%%
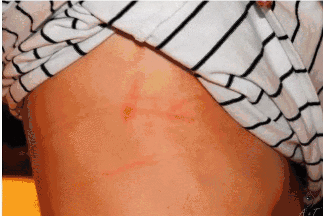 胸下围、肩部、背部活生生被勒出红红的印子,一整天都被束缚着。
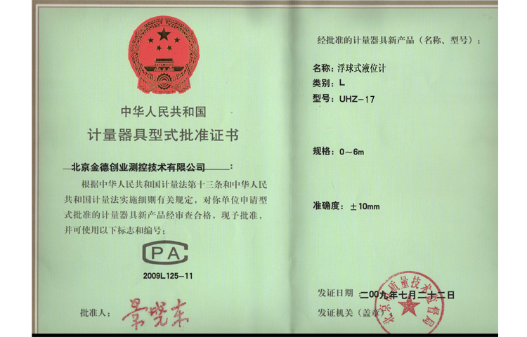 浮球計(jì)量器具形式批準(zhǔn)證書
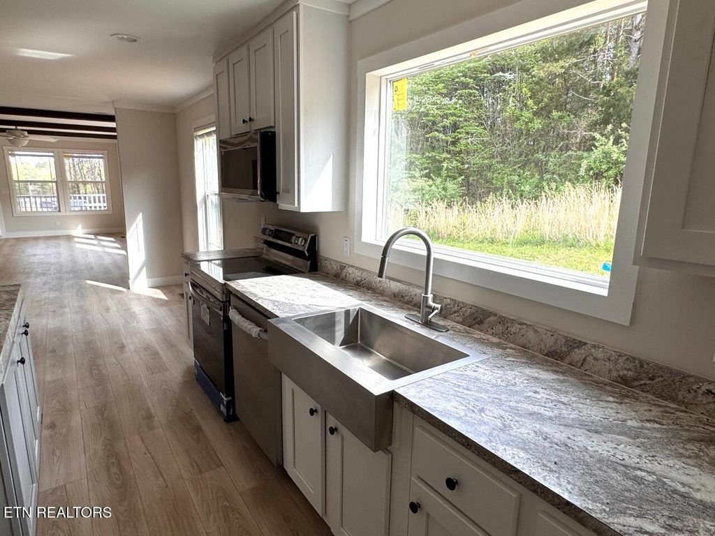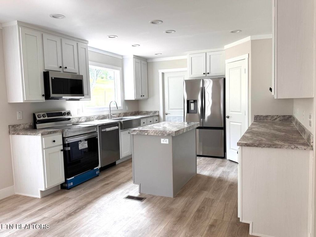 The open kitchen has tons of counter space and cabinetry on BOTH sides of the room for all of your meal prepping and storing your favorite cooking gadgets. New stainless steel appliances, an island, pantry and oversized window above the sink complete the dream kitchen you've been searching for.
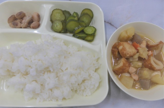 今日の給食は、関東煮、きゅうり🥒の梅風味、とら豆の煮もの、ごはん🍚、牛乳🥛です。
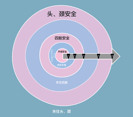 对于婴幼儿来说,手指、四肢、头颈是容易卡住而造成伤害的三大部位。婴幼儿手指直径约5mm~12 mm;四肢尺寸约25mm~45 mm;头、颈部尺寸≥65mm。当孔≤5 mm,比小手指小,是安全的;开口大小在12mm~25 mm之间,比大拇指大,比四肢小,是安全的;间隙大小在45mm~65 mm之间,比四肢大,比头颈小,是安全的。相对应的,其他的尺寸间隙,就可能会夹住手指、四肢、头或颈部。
%%
%%
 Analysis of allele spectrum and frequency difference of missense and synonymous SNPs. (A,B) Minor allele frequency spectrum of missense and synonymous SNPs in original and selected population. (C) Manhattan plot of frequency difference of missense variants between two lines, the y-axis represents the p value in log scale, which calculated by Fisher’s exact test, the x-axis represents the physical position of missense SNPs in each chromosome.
%%
%%
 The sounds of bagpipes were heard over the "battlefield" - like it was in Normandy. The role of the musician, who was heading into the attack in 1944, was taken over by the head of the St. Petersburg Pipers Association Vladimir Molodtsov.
%%
YOUR GOAL: Your reply should consist solely of the lines above from the line containing "今日の給食は、関東煮、きゅう" up to and including the line containing "mm;四肢尺寸约25mm~45 mm;头、颈部尺寸≥65mm。当孔≤5 mm,比小手指小,是安全的;开口大小在12mm~25", reproduced exactly, minus the pictures.

EXPECTED ANSWER:
 今日の給食は、関東煮、きゅうり🥒の梅風味、とら豆の煮もの、ごはん🍚、牛乳🥛です。
 对于婴幼儿来说,手指、四肢、头颈是容易卡住而造成伤害的三大部位。婴幼儿手指直径约5mm~12 mm;四肢尺寸约25mm~45 mm;头、颈部尺寸≥65mm。当孔≤5 mm,比小手指小,是安全的;开口大小在12mm~25 mm之间,比大拇指大,比四肢小,是安全的;间隙大小在45mm~65 mm之间,比四肢大,比头颈小,是安全的。相对应的,其他的尺寸间隙,就可能会夹住手指、四肢、头或颈部。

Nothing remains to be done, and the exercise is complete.